LONDON (Reuters) - The number of new drugs approved for sale in United States and Europe has bounced back this year, suggesting a marked slowdown in 2016 was an aberration rather than a sign of flagging research and development productivity.
The U.S. Food and Drug Administration has already cleared 21 new prescription medicines for sale against 22 in the whole of 2016, and just nine at this stage last year.
The European Medicines Agency has recommended 42 compared with a 2016 total of 81, and 31 in the first five months of last year. Unlike the FDA, the EMA includes generic or non-patented drugs in its list.
John LaMattina, a former research head for Pfizer and a board member at PureTech Health, is unsurprised by the rebound and believes concerns raised at the end of 2016 about deteriorating drug pipelines were “far too dire”.
Significantly, drugmakers are getting smarter about the way they develop medicines by shifting resources from mass-market products to more specialist and higher-priced therapies.
That is fuelling a long-term pick-up in numbers, although it also stores up problems in terms of drug pricing as healthcare providers try to control their spending, with some new cancer treatments costing more than $10,000 a month.
“A lot of biopharmaceutical companies are filling their pipelines with programmes that seek treatments for diseases that can be approved with an accelerated review such as rare diseases, different cancers and anti-infectives,” LaMattina said.
“These types of programmes benefit from requiring modest-sized clinical trials and have the potential for generous pricing.

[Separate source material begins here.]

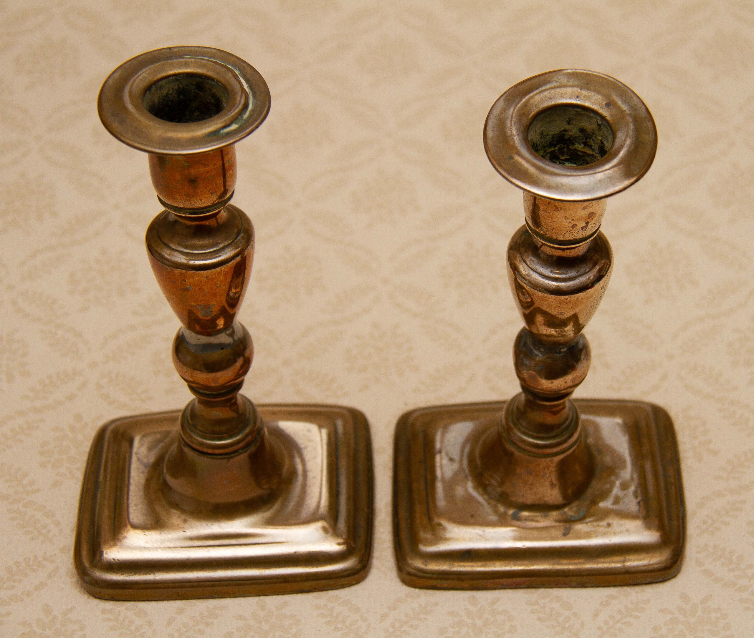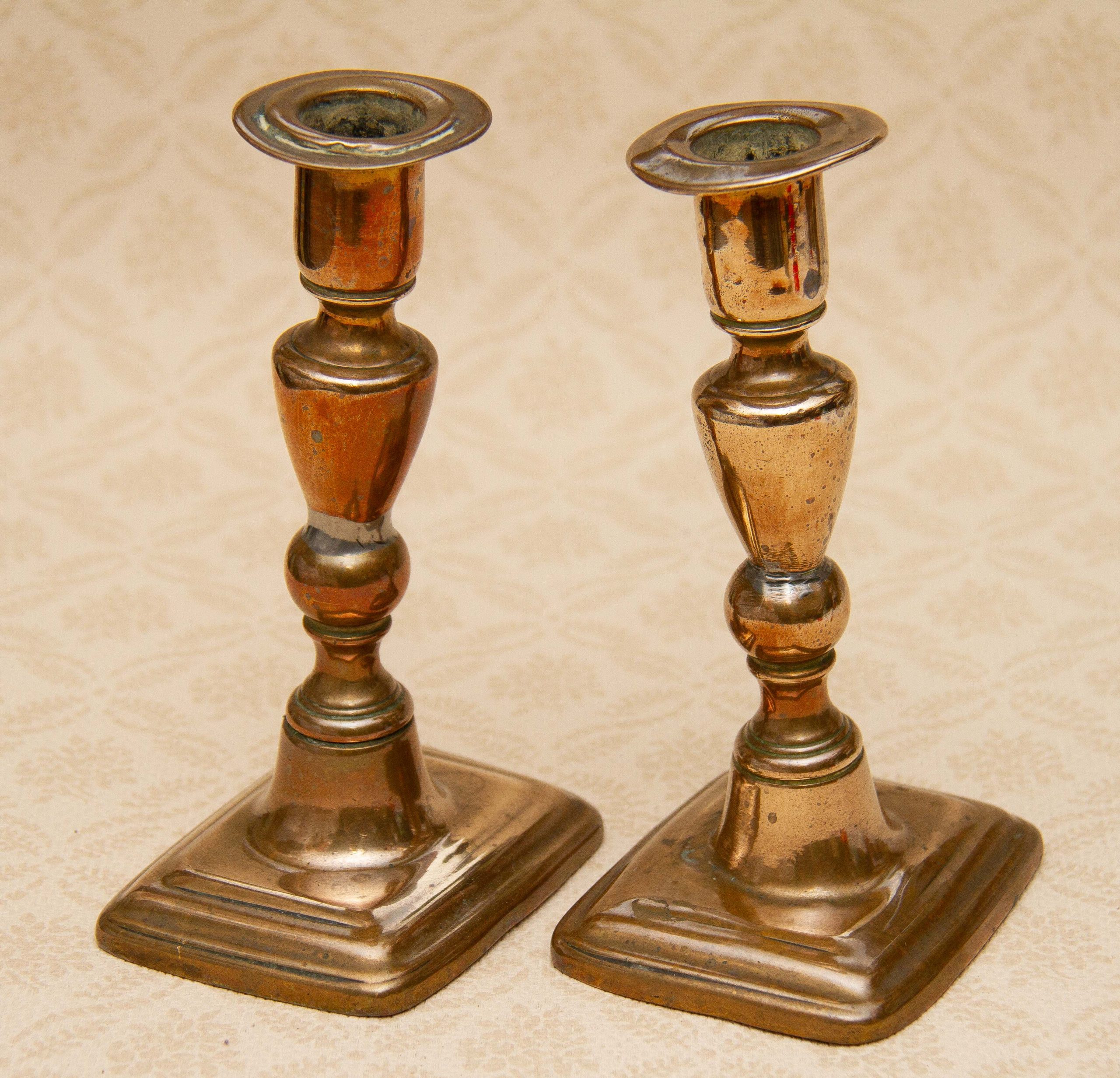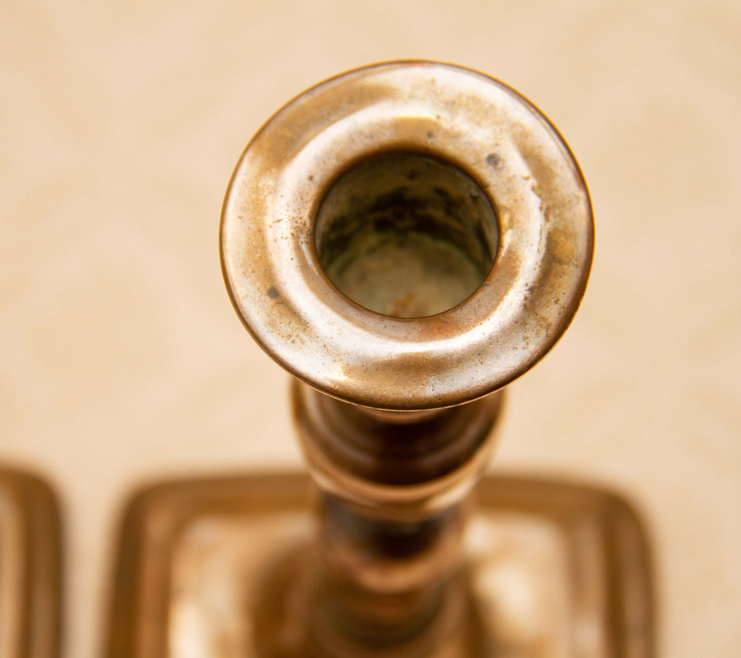 A pair of solid brass well used and distressed vintage candlesticks suitable for dinner or taper candles. These are perfect for styling a bookshelf, mantelpiece or on a dining table.

We’re seeing fewer R&D resources devoted to programmes that require rigorous differentiation in Phase III trials.”
Phase III is the final stage when new drugs are tested on large numbers of patients.

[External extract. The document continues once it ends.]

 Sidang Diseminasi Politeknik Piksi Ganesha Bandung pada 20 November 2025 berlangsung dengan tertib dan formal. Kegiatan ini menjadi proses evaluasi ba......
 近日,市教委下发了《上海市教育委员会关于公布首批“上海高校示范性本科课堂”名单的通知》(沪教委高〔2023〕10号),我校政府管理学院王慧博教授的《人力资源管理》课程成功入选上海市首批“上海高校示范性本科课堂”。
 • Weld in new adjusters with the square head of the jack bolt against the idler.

Big pharma companies are not necessarily out of the woods when it comes to getting a decent return on the billions of dollars they spend each year on R&D, since more and more drugs come from the labs of young biotech companies.
But this year’s crop does include several highly promising products from large multinationals that are tipped to generate billions of dollars in sales, according to consensus analyst forecasts compiled by Thomson Reuters.
They include Sanofi and Regeneron’s Dupixent for severe eczema, projected to sell more than $5 billion by 2023, Roche’s multiple sclerosis drug Ocrevus, with sales above $4 billion, and AstraZeneca’s cancer drug durvalumab, forecast to generate nearly $3 billion.
Other major new medicines still awaiting approval this year include Novo Nordisk’s diabetes drug semaglutide, as well as a novel cell therapy for leukaemia from Novartis and a shingles vaccine from GlaxoSmithKline.
There have been setbacks as well, with Amgen and UCB, for example, no longer expecting their experimental osteoporosis drug to win approval in 2017 due to safety issues.
After a spike in 2014 and 2015, there had been worries that last year’s fall in drug approvals to a six-year low might signal more fundamental problems in industry productivity or a slowdown by regulators.
In fact, one-off factors contributed to the poor figure. Several drugs won an early green light at the end of 2015 and others had decisions pushed back into 2017, including Roche’s Ocrevus and Sanofi/Regeneron’s Kevzara for rheumatoid arthritis, which finally won a green light on Monday.
According to QuintilesIMS, which compiles data for the pharmaceutical sector, the robust state of the industry’s late-phase R&D pipeline means it is well placed to yield an average of 40 to 45 new launches annually through to 2021.
Hilary Thomas, chief medical adviser at KPMG, said U.S. regulators in particular were showing an innovative approach that was helping to accelerate approvals - as highlighted by a novel decision to clear a cancer drug for the first time based on genetics, not tumour location.
Still, the targeted nature of many new medicines will limit the overall patient population getting the latest wave of novel drugs.
“What the data masks is that while there might be more approvals, the total number of people getting new drugs is probably not going to up hugely because these are more specific, personalised treatments,” she said.